What we think is more likely to happen is that the tools themselves used to create the parts for the project will get smarter and better, and the tools to help coordinate their assembly will get better, but much of the physical work will still be done by people. Semi-automated tools working together with skilled people will make the projects easier and faster, automated tools won’t replace the people for this step. A great example of this is all the awesome work going on in automated layout, where a robot draws or marks out where the walls, ducts, electrical, plumbing, etc. goes on the site, directed from the BIM / CAD models. The affordable and small robot makes the people doing the actual construction work more effective and productive, less likely to make mistakes, and more likely to see problems before they get too far into the project. Instead of trying to ‘solve’ the entire problem of construction assembly via robotics, even really smart AI-empowered robotics, which would cost a fortune and still not be 100% right, I see much more success in smaller, cheaper robots / AI that is just looking to empower the skilled workers already present.
Utilization
This final step is where the project is complete, and is now being used, and hopefully being studied for how well it’s actually working and/or minor follow up edits done to improve how it’s working.

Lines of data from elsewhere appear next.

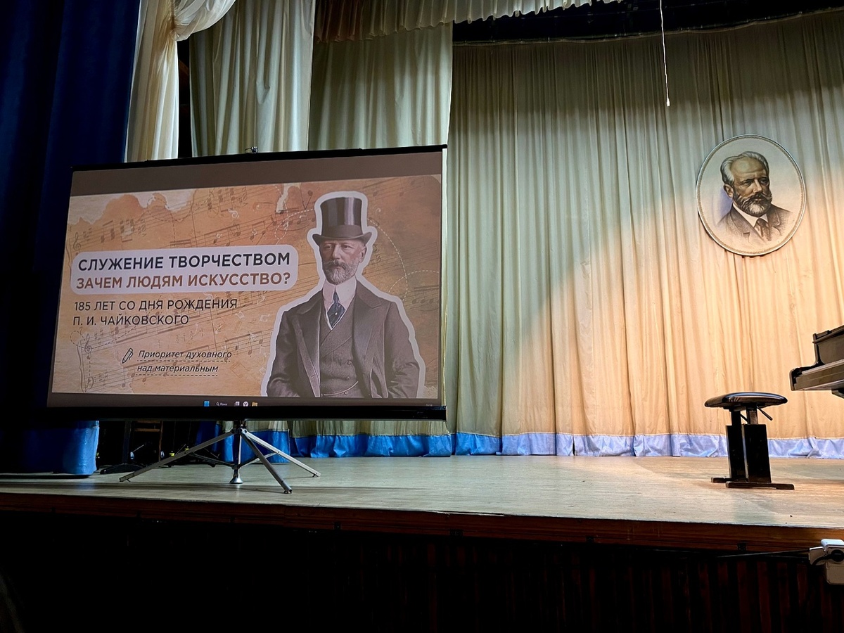 2 апреля в нашем колледже состоялось значимое событие – тематическое занятие из цикла "Разговоры о важном", приуроченное к 185-летию со дня рождения великого русского композитора Петра Ильича Чайковского. Провел занятие Министр культуры Удмуртской Республики Владимир Михайлович Соловьёв. Он подчеркнул значение малой родины в становлении композитора, отметив особую роль Воткинска в его творческой биографии. Министр также отметил, что мы сохраняем наследие великого земляка и рассказал о предстоящих культурных событиях, посвященных юбилею П.И. Чайковского: • Премьера балета "Медный всадник" • Постановка оперы "Иоланта" в Татре оперы и балета УР • Фестиваль "На родине П.И. Чайковского" • Концерт симфонического оркестра под управлением В.А. Гергиева. Депутат Государственного Совета Удмуртии Любовь Евлампиевна Зайцева обратилась к студентам с напутственными словами, призвав их быть достойными преемниками великого земляка и продолжать традиции русского музыкального искусства. Студенты колледж
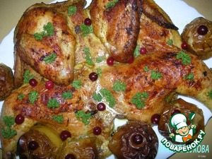 Выложите курицу на тарелку, посыпьте петрушкой, вокруг положите яблоки. Украсьте яблоки ягодками клюквы.
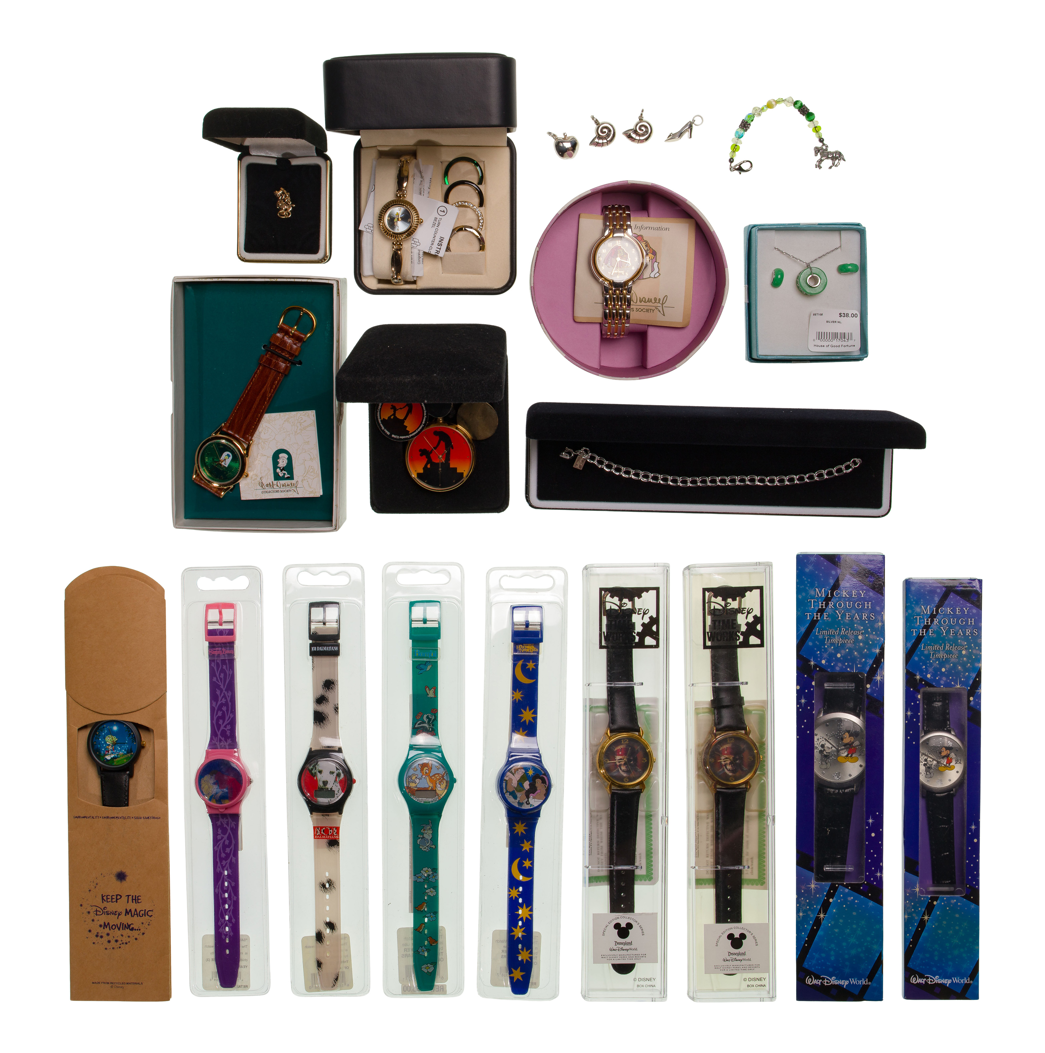 (21) items including a Mickey Mouse pendant (marked ’14k’), charms, bracelets, earrings and pendants (marked ‘925’) and (13) various Disney character watches including a pocket watch, all having original packaging

This step is one where AI-driven automation could make a huge impact as well in helping identify problems and assess the performance of the project in ways that are currently too expensive to easily measure. Just a few simple cameras, cheap sensors, and a smart trained model could do what you’d normally have to hire expensive consultants to manually do. Or could make the tools that larger retail and entertainment companies already use in this space more accessible to smaller businesses that might want to measure things like ‘engagement’, ‘customer satisfaction’, a building’s energy footprint, or other post-occupancy studies.
The Robots are Here…
So the genie is out of the bottle, and AI-driven tools are here to change the construction industry in some big, bad, and awesome ways over the next decade, and I think it’s only going to accelerate from here.
Personally I’m very excited about it all! But don’t hide in ignorance and think your particular role within the construction industry is ‘safe’, instead I’d say to work on those ‘soft skills’ in understanding people better along with learning how to leverage these amazing AI-empowered tools to meet those people’s needs even better than before!